India and Pakistan With or With Trump's Help

RCEP and India: Difficult partners, but not estranged

As 2019 enters its last quarter, anxiety persists over the 16 country Regional Comprehensive Economic Partnership (RCEP). For once, though, in the seven years over which it has been negotiated since being announced in 2012, hopes of conclusion accompany anxiety in nearly equal measure.

The vision of RCEP talks concluding by the end of the year is a distinct possibility. It is so notwithstanding the reservations India – one of the largest economies in RCEP – continues to have on multiple issues. India’s reservations have been largely responsible for holding back RCEP.

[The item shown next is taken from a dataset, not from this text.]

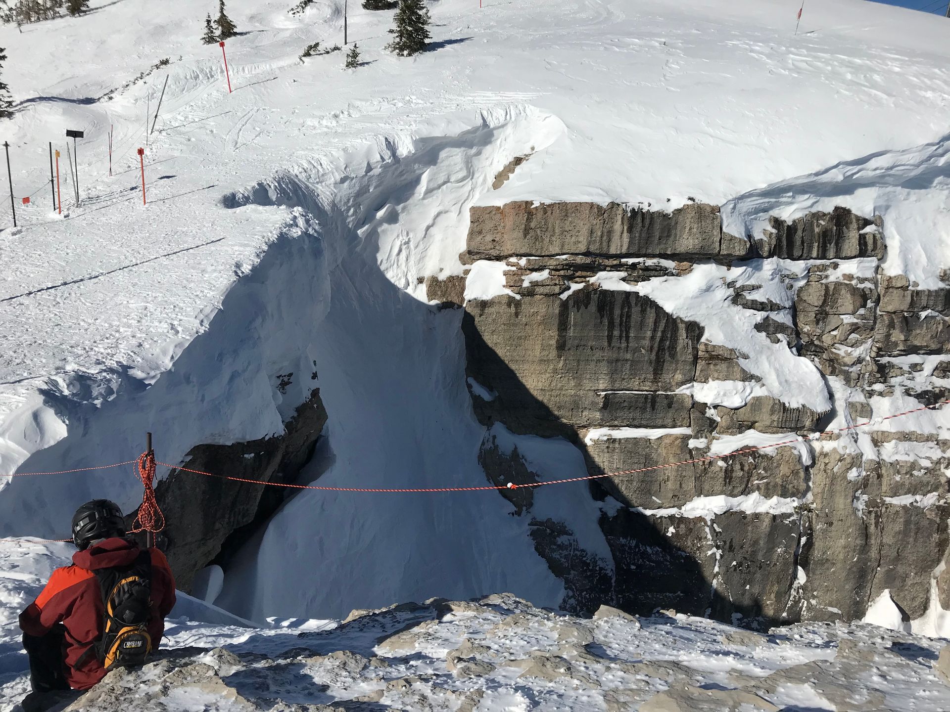 It’s a legendary run, and I was about to find out why. The entrance was roped off, but we could walk to the edge and see the drop. To get in, you have to literally jump from a cornice into a massively steep, narrow chute hemmed in by rock walls.

Indian industry has been a stumbling block for RCEP. It is heavily opposed to lowering trade protection and engaging in FTAs. This is due to its inherent lack of competitiveness stemming from inefficient business conditions at home. Such inefficiencies make home-grown products uncompetitive against imports, making high tariffs necessary. The same inefficiencies prevent several Indian exports from being competitive in regional markets, despite preferential access. Indian exports are also unable to overcome ‘creative’ protectionism by China and regional economies like Philippines through non-tariff barriers (NTBs) in form of restrictions on health, environment and ecological grounds. 

China is another major reason for India fighting shy of RCEP. RCEP is visualized by most in India as an FTA with China – a prospect hardly appealing for a country having a large trade deficit with China, apart from historical dispute over a contentious border. The notion of being in a FTA, whose rules and systems will be driven by China – described so by none other than US President Barrack Obama in his efforts to salvage the TPP ( https://www.washingtonpost.com/opinions/president-obama-the-tpp-would-let-america-not-china-lead-the-way-on-global-trade/2016/05/02/680540e4-0fd0-11e6-93ae-50921721165d_story.html) – reinforces India’s reservations on RCEP. 

After much dithering, however, India finally looks willing to go ahead with RCEP, even if with considerable reluctance. After being returned to office in May 2019 with a mandate larger than in its first term, the BJP government led by Prime Minister Modi, can afford to be less apprehensive about adverse domestic reactions to joining RCEP. Indeed, the Indian Commerce and Industry Minister’s extensive consultations with various stakeholders, followed by his recent remarks on opportunities for India from RCEP (https://www.livemint.com/) reflect a cautious but noticeably optimistic perspective towards the deal. 

Other policy actions also point to India’s growing preparedness for RCEP. These include incentivising exporters through access to easier export finance and faster refund of input taxes. India has slashed corporate tax to 25 per cent from more than 30 per cent earlier, bringing tax burden on its business on par with most other RCEP members. The ostensible objective of these policies is to make Indian exporters more competitive. India has also reportedly agreed to changes in domestic policies on transfer of technology and royalty payments, in line with investment rules likely to feature in RCEP.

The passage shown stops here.